Geradezu grotesk erscheint dem Landesmieterbund die Bereitstellung von 1 Tausend Sozialwohnungen jährlich durch Verzicht auf diese: Wenn denn die Erkenntnis richtig ist, dass jährlich 4 Tausend Sozialwohnungen benötigt werden, um den unstreitigen Abschmelzprozess zu kompensieren, dann ist schwer nachvollziehbar, wie die Parität gewahrt werden soll, wenn auf der einen Seite auf die Begründung von neuen Sozialbindungen verzichtet werden soll, auf der anderen Seite der Abschmelzprozess aber unaufhaltsam weitergeht.

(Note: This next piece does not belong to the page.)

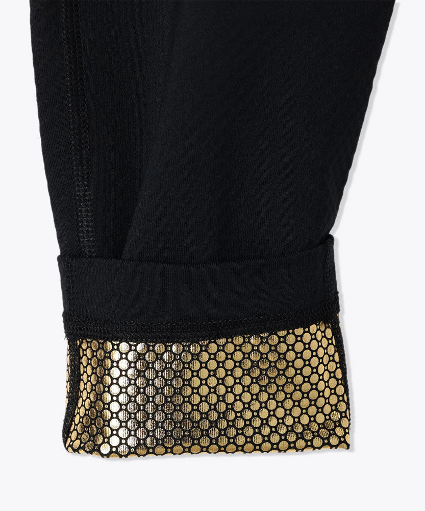 裏側に配置した金色のリフレクティブドットが、効率よく体温を反射して、瞬時に暖かさを提供します。

In diesem Zusammenhang erinnert der Landesmieterbund an seine langjährige Forderung, den Sozialwohnungsbestand von derzeit ca. 80 Tausend Wohnungen auf rund 120 Tausend Wohnungen langfristig wieder aufzustocken. Die Zielvorgabe des neuen Wohnraumförderungsgesetzes, welches in Schleswig-Holstein am 01.01.2002 in Kraft getreten ist, richtet sich an denjenigen Schichten der Bevölkerung aus, die sich am Markt nicht selbst angemessen mit Wohnraum versorgen können. Diese Gruppe steht fest. Hier die Zahlen:

Bezieher von Sozialhilfe Stand 2000

119.377

Bezieher von Wohngeld Stand 2000

50.495

Bezieher von Arbeitslosengeld/-hilfe Stand 1998

103.886

Diese Gruppe wird sich zahlenmäßig nicht wesentlich verändern, wie die Gutachter ebenfalls festgestellt haben. Von daher sind 120 Tausend Sozialwohnungen für das Land eine Größenordnung, die angemessen und erforderlich ist. Die Begründung von 5 Tausend Sozialbindungen jährlich – nämlich 1 Tausend mehr als die Gutachter festgestellt haben – ist dann aber mindestens erforderlich, um mit einer vernünftigen Perspektive den Sozialwohnungsbestand wieder aufzustocken. Die Perspektive des Innenministeriums hingegen beschränkt sich im Ergebnis auf 2 Tausend Bindungen jährlich. Den Rest darf man getrost als Schüttelscheck bezeichen.